Avastin, a therapeutic antibody that targets cancer cells, costs over one hundred thousand dollars each year for a single patient. Exorbitant costs have forced health insurers to adopt specialized policies such as requiring patients to cover a portion of the drug’s actual cost rather than paying a fixed copayment. Those engaged in the debate have not only questioned who should pay but whether dosing should be reduced to the minimum to lower costs. Some cancer doctors have opted to administer only half the recommended dosage of Avastin, pressured by the cost and emboldened by a study suggesting that a lower dose could be equally effective. A 2008 report by the Congressional Budget Office estimated that passing follow-on biologics legislation would reduce expenditures on the products by twenty-five billion dollars over the next decade. Monoclonal antibodies represent a significant proportion of the products targeted by follow-on legislation. Manufacturers of therapeutic mAbs earned $14.5 billion in U.S. sales during 2006, representing about one-fourth of all biologic sales.
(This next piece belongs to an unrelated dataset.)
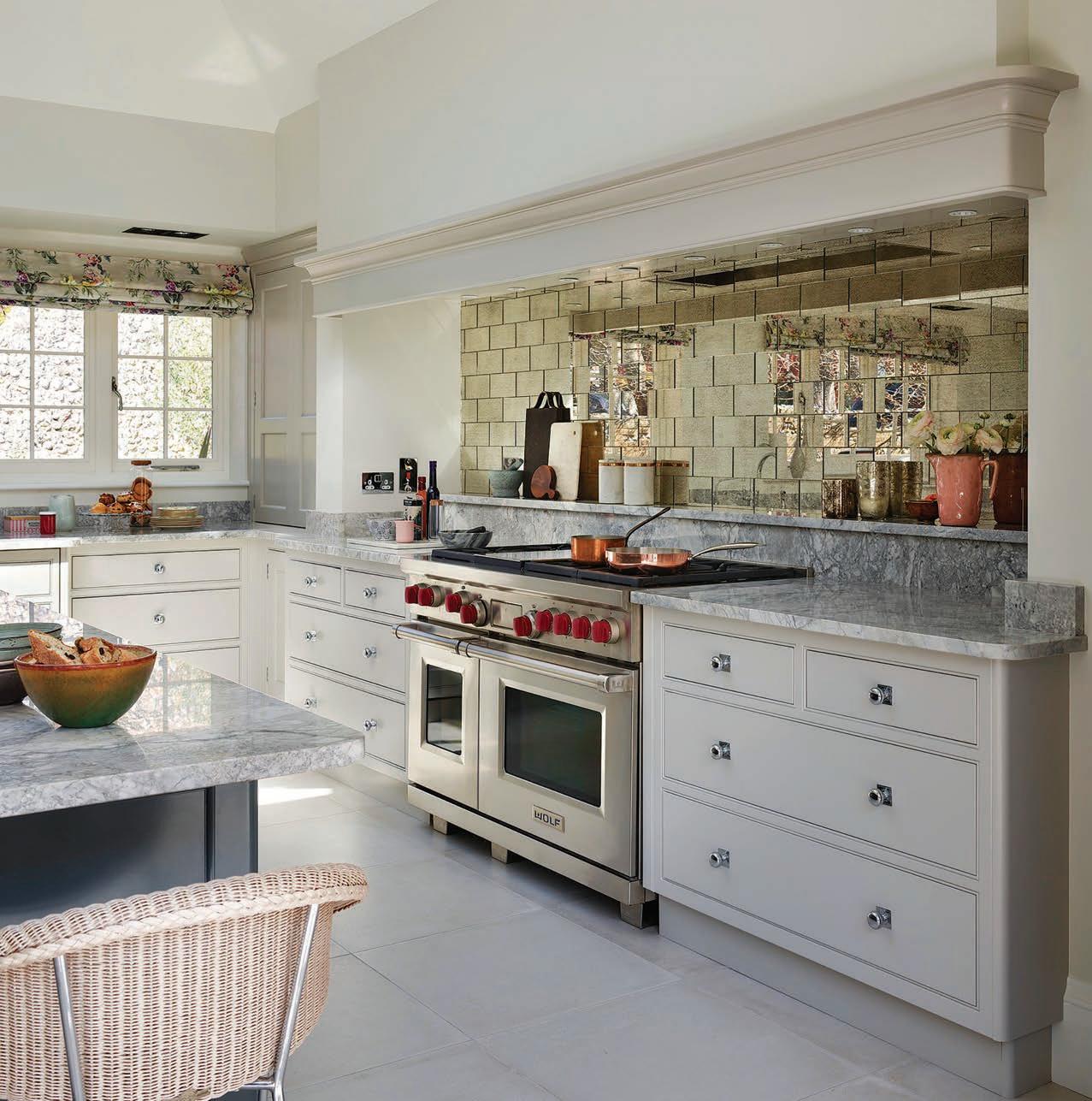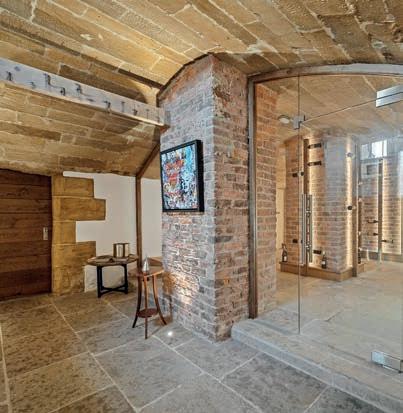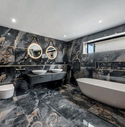 A striking first impression begins in the grand reception hall with porcelain tiled flooring and a dramatic cathedral-style ceiling, complemented by a bespoke staircase rising to a galleried landing. The home o ers a superb mix of formal and lifestyle spaces including a formal lounge, dining room, study/ home o ce, and a dedicated cinema room, plus a stylish guest WC. At the heart of the property is a breathtaking open-plan kitchen and living area (customdesigned by Inspired Designs), featuring high-spec German cabinetry and Antique Calacatta worktops, alongside premium appliances including Bora, Studio Line ovens, and Liebherr refrigeration and wine cooling. Full-width bifold doors bring in abundant natural light and connect seamlessly to the rear terrace.

This Comment will demonstrate that therapeutic monoclonal antibodies are a distinct class of biologic drugs requiring special consideration in creating an effective follow-on biologics pathway. Part II.A provides scientific background relevant to understanding antibodies and why they present exceptional challenges. Part II.B describes the current FDA approval process for new drugs, the abbreviated approval pathway for generic small-molecule drugs, and the recently enacted framework for the abbreviated approval of biosimilars. The final portion of the Overview, Part II.C, details a federal statute permitting the licensing of government-funded inventions. Building on the policy reasons for this statute, Part III argues that the new biosimilars approval pathway should have included provisions to permit the compulsory licensing of intellectual property necessary to make a therapeutic antibody product after a reasonable exclusive marketing period expires. To support this argument, Part III.A asserts that follow-on antibody drugs will require new clinical trial data and other costly expenditures. The increased cost of entering the market will prevent a competitive market from developing unless, as Part III.B explains, legislation allows for compulsory licensing and encourages data sharing. Part III.B.2 then demonstrates how key objectives of an existing federal statute support such a provision. This Comment aims to prove that, in the case of monoclonal antibody drugs, compulsory licensing will retain incentives for innovation while creating a competitive market and increasing the safety and accessibility of modern treatments.